1994 was a pivotal year for me. At the age of 16, I saw the release of three of my all-time favorite gay movies: The Adventures of Priscilla: Queen of the Desert, Les Roseaux Sauvages (Wild Reeds) and Fresa y Chocolate (Strawberry and Chocolate). I also saw the release of the album Snivilisation by Orbital, one of my favorite electronica CDs: Orbital cries out against a society that masks corruption and the hypocrisy of the status quo. I felt like I was living in the midst of a sort of revolution – a revolution I felt deep within me

1994 was also the year I went to my first queer dance club. I will never forget the adrenalin rush and the fear that someone from my small – but ubiquitous – Jewish community might be there watching me. I ran towards the cashier, paid the entrance fee and stormed into the abandoned warehouse that catapulted me into a new dimension of thought, perception and understanding. Those gates opened for me a life that, until that moment, I didn’t know existed. Inside those gates, I witnessed a previously unimagined pluralism of colors, people and genders. Life was booming. Some concepts died, some assumptions were challenged. It was life beyond the hetero-normative spectrum of falsified certainties. 1994 was also the year that I came out of the closet.

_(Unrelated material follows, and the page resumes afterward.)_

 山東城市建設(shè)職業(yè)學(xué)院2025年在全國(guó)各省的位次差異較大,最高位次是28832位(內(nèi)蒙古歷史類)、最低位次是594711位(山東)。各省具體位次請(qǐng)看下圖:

“Although Joseph recognized his brothers, they did not recognize him” (Genesis 42:8)

Over the years, I’ve heard many stories from friends about running into their neighbors, uncles, cousins, brothers and sisters at gay clubs and parties. Re-reading this week’s portion, I recalled the story of a drag queen who hosted a gay party at a popular club. She told me that the most shocking night of her life was the night she saw her hyper-masculine and homophobic brother walk into her club hand in hand with his boyfriend. He stopped and stared at her, in all her exuberant grace and splendor, and gave her a gleeful smile without having the slightest idea that the drag queen standing in front of him was his “brother.”

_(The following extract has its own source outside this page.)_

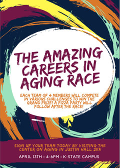 Put together a team of four and join the Center on Aging in racing around campus to learn about careers in aging. The Amazing Careers in Aging Race will be from 4-6 p.m. Friday, April 13.
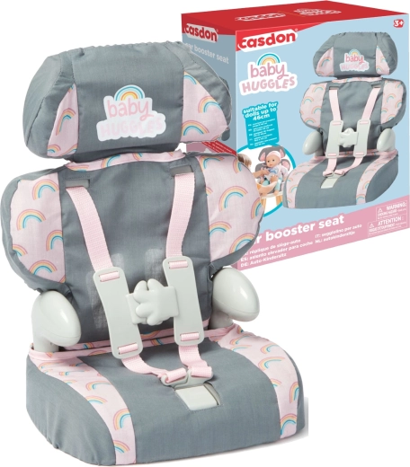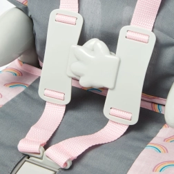 Pelēki‑rozā noformējums ar varavīksnes rakstu ir ne tikai piemīlīgs, bet arī praktisks – materiāli ir izturīgi un patīkami pieskārienam. Autokrēsliņš piemērots lellēm līdz 46 cm un lieliski der spēlēm mājās, ceļā vai barošanas laikā.

“Now Joseph was the governor of the land, the one who sold grain to all its people. So when Joseph’s brothers arrived, they bowed down to him with their faces to the ground.” (Genesis 42:6)

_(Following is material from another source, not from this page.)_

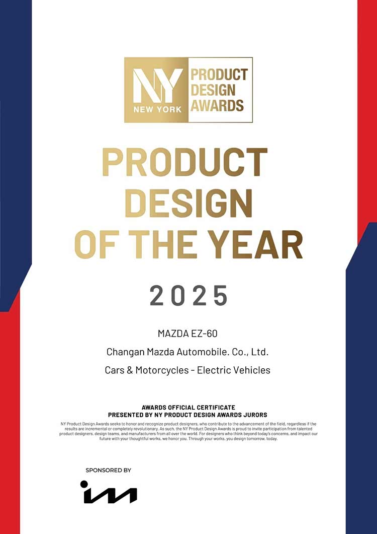 近日,九风道悦级智能SUV长安马自达MAZDA EZ-60(以下称EZ-60)再传捷报:凭借突破性的设计创新与实用美学融合,一举斩获2025年纽约产品设计奖(NY Product Design Awards)与Titan创新奖(Titan Innovation Awards)年度设计奖。此前,EZ-60已将2025缪斯设计奖·铂金奖与年度最佳设计大奖收入囊中,短短数月内包揽四项国际顶级设计荣誉,成为首个在全球四大设计赛事中实现“大满贯”的中国智造新能源SUV,以东方美学与工程智慧的完美融合,在全球设计舞台绽放璀璨光彩。

In this week’s portion, Joseph’s brothers stand face to face with him. Although they look each other in the eye, Joseph’s brothers remain unaware that the man they’re bowing down to is Joseph – the brother they sold into slavery and who was now full of splendor and grace. But was Joseph happy? With power, glory and wealth, what else was missing in his life?

We know that Joseph spent two years in prison and seven years of glory in Egypt, but he never sought to reconnect with his father and his brothers all that time. Why was it that he waited so long to inquire about his family? Why did he wait such a long time to try to get closer to the family that had sold him and turned their backs on him?

“They said to one another – ‘Surely we are being punished because of our brother. We saw how distressed he was when he pleaded with us for his life, but we would not listen.’” (Genesis 42:21)

The Torah portions we read during Hanukkah recount passages of deception and sadness. Yet they also provide insights into redemption and the basis for ethical living. As LGBTIQ people, friends, family and allies, we cannot help but ask: Is the closet – this game of hide and seek – worth it? By hiding, we may more easily attain glory, just as Joseph did. But when we’re lying how long can this glory be sustained? How can we be truly happy when we’re hiding from our community, and above all, hiding from ourselves?

“Then he threw his arms around his brother Benjamin and wept, and Benjamin embraced him, weeping. And he kissed all his brothers and wept over them. Afterward his brothers talked with him.” (Genesis 45:14-15)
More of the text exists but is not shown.